Yozgat’ın köylerinde yapımı devam ettirilen Kavurga köylüler tarafından hazırlanmaya devam ediyor.
Geçmişte kırsal kesimlerde; buğday ile Hint kenevirinden elde edilen çedenenin tandırlarda kavrulmasıyla hazırlanan 'Çedeneli Kavurga' unutulmaya yüz tutmuş kuruyemişler bulunsada kültürel değerler arasında yer alıyor.
Yozgat’ın Divanlı köyünde yaşayan Zöhre Aldemir kavurganın kuruyemişlerin atası olduğunu belirterek, "Kavurga, Yozgat'ın önem verdiği yiyeceklerden bir tanesidir. Bir manada kavurgaya kuruyemişin atası demek de mümkün. İmkanların daha kısıtlı olduğu dönemlerde insanların biraz da eğlencelik olarak yediği bir kuruyemiş türüdür. Daha önce evlerde yapılıyordu ama son zamanlarda unutulmaya yüz tutmuştu. İnsanlarımız bu lezzeti özlemişler. Bir manada da insanlarımız bu lezzetle birlikte geçmişe, maziye de dönüş yapıyor” dedi.

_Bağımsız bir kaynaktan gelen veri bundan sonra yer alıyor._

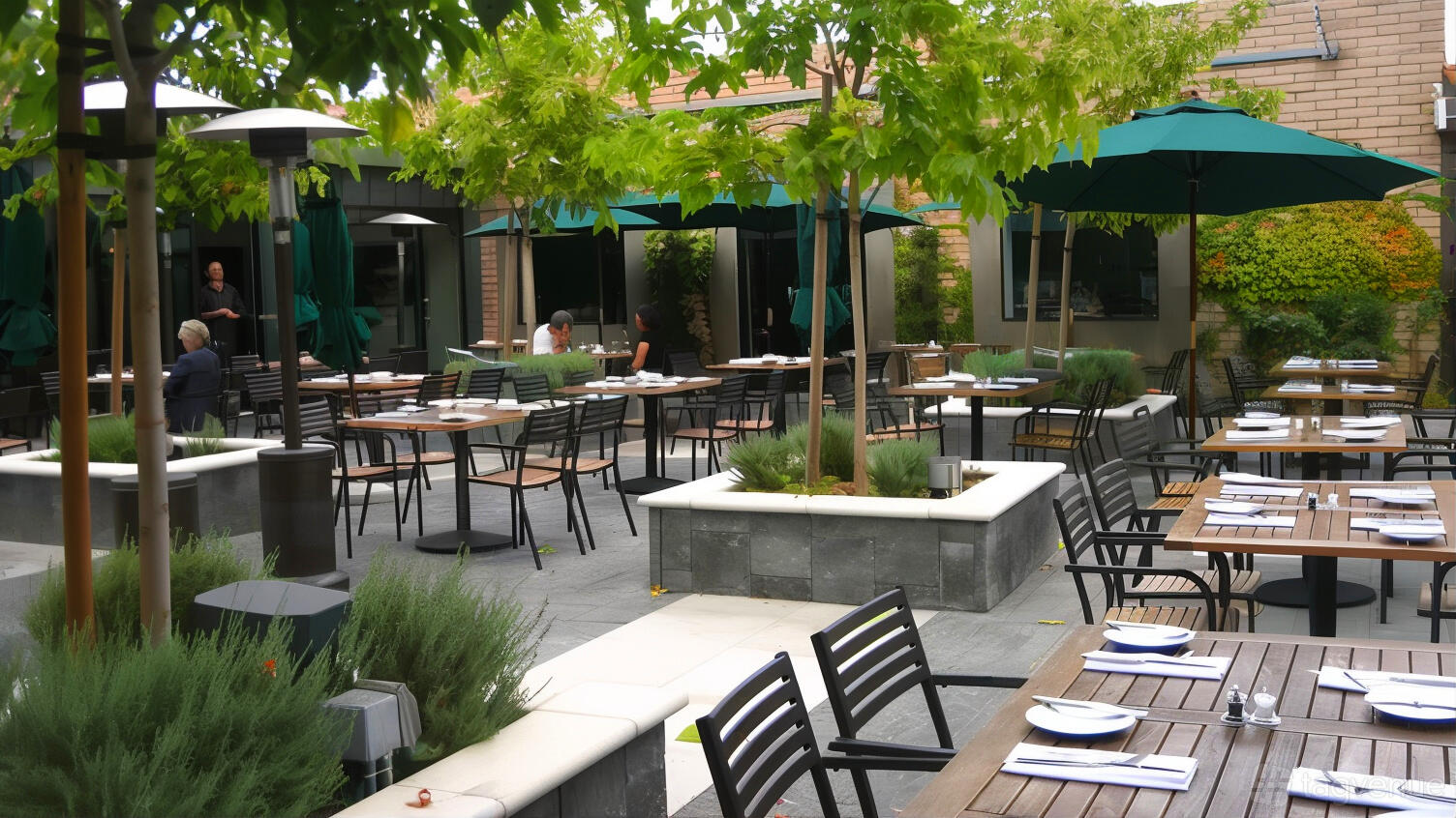 At full capacity, Metro’s fully enclosed patio seats up to 150 guests in a tree-shaded, umbrella-lined, outdoor dining area.

Meryem Erdem ise kavurgayı tandır başında kavururken hazırlanışını anlattı. Erdem, "Buğdayımız eleniyor eleme aşamasından sonra ekmek sacı üzerinde yağ ve tuz eşliğinde bulgur kavruluyor. Sarı şeklini aldıktan sonra ocaktan alıyoruz. Daha sonra çedene de bulgur gibi aynı işlemden geçiyor. Kavrulduktan sonra buğday ve çedene ikisi birlikte birleştiriliyor ve kavurga hazır hale getiriliyor" şeklinde konuştu. Kavurganın Yozgat'a has kültürel bir kuruyemiş çeşidi olduğunu da söyleyen Erdem, Kavurganın Yozgat'a gelen misafirlere ikram olarak sunulduğunu ve köylerinde hala yapıldığını dile getirdi.

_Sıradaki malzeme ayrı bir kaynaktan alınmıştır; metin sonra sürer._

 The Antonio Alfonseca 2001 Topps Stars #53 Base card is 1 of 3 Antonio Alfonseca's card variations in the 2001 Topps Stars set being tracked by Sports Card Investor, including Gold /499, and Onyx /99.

Yıllardır tandırlarında kavurga pişirdiklerini söyleyen Nezaket Koçaker ve Fatma Uyar ise. “eskiden kuruyemiş olarak kavurgayı tükettiklerini şimdilerde ise atalarından kalan bu değeri gençlere tattırmanın mutluluğunu yaşadıklarının altını çizdi. Ayrıca genç nesillere de yapılışını gösterip öğretiyoruz, bu kültürü nesilden nesile aktarmalıyız” dedi.